### [YOUR ASSIGNMENT]
Where the listing below reaches the line containing "Dolce & Gabbana", start writing out lines exactly, and stop once the line containing "Штора портьерная Этель" has been written.

### [LISTED RECORDS]

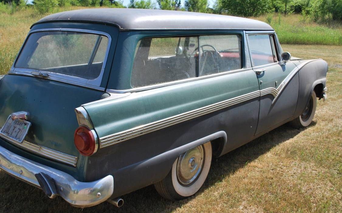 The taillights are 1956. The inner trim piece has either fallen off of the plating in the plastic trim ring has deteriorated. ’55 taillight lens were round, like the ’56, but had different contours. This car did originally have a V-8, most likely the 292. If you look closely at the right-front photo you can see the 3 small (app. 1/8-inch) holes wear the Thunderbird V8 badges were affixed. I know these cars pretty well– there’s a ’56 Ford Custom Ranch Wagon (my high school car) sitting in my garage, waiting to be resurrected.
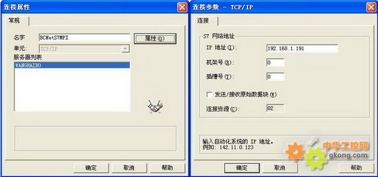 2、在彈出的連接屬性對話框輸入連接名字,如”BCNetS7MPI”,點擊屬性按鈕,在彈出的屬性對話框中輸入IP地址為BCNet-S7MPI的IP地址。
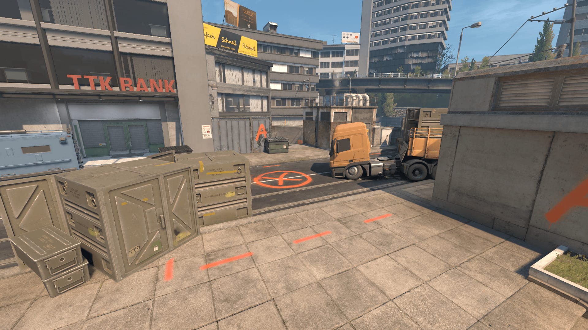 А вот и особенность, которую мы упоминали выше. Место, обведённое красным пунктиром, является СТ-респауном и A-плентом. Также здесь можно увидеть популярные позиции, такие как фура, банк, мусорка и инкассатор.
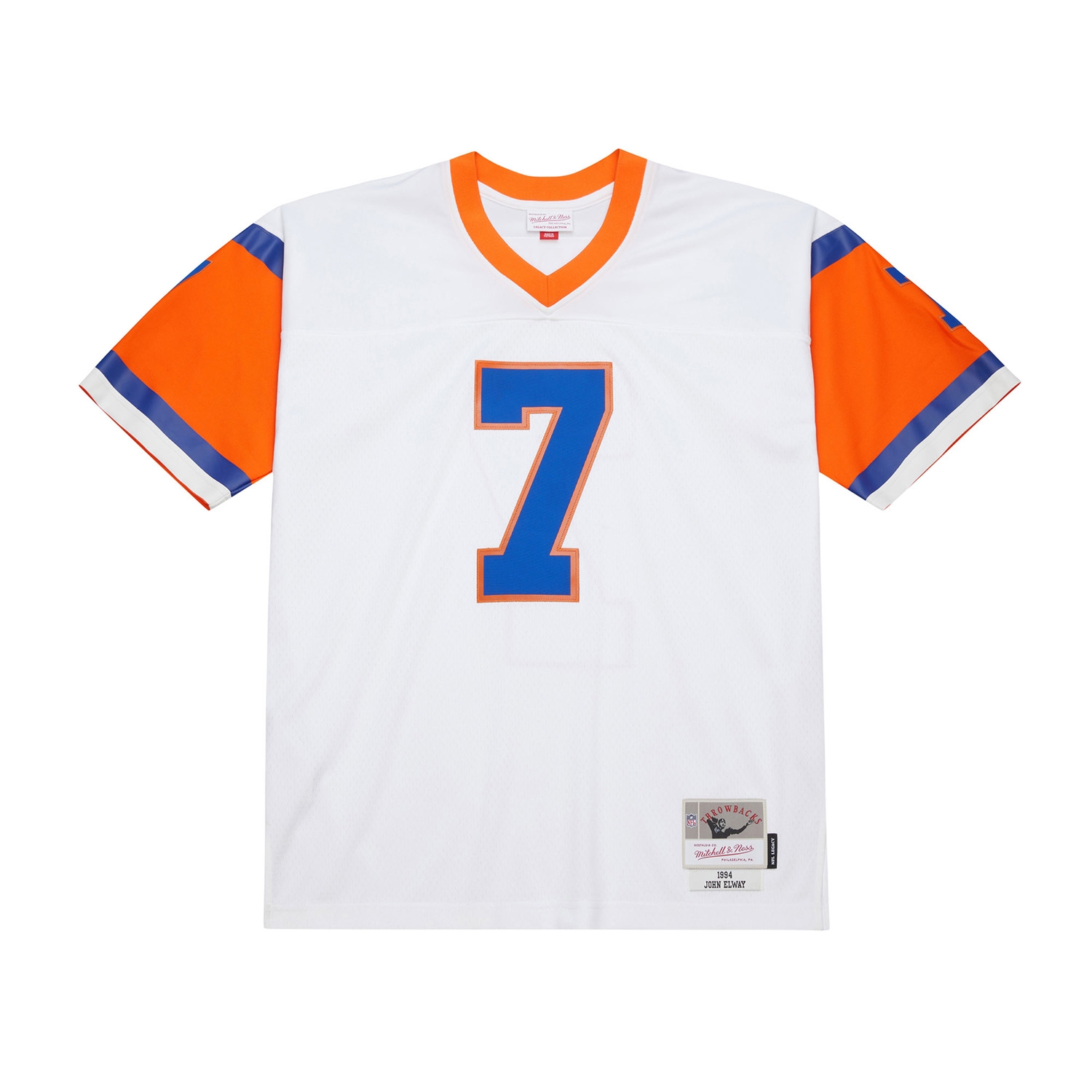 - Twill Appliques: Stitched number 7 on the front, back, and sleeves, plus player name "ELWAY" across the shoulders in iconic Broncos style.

---

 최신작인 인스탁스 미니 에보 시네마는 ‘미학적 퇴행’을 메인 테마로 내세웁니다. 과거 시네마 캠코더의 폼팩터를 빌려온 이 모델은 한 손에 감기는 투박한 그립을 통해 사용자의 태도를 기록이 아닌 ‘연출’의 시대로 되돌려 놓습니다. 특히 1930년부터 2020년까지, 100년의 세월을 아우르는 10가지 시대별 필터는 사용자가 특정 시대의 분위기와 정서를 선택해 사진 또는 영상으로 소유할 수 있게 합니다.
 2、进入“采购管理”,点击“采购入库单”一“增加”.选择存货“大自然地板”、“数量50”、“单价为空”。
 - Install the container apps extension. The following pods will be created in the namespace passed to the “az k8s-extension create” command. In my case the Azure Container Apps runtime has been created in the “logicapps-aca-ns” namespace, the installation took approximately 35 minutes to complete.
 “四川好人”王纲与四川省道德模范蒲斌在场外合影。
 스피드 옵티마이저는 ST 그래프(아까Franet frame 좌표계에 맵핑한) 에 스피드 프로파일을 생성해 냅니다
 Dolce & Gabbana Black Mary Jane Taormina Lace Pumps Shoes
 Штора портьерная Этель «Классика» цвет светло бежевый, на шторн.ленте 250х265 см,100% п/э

### [EXERCISE ANSWER]
 Dolce & Gabbana Black Mary Jane Taormina Lace Pumps Shoes
 Штора портьерная Этель «Классика» цвет светло бежевый, на шторн.ленте 250х265 см,100% п/э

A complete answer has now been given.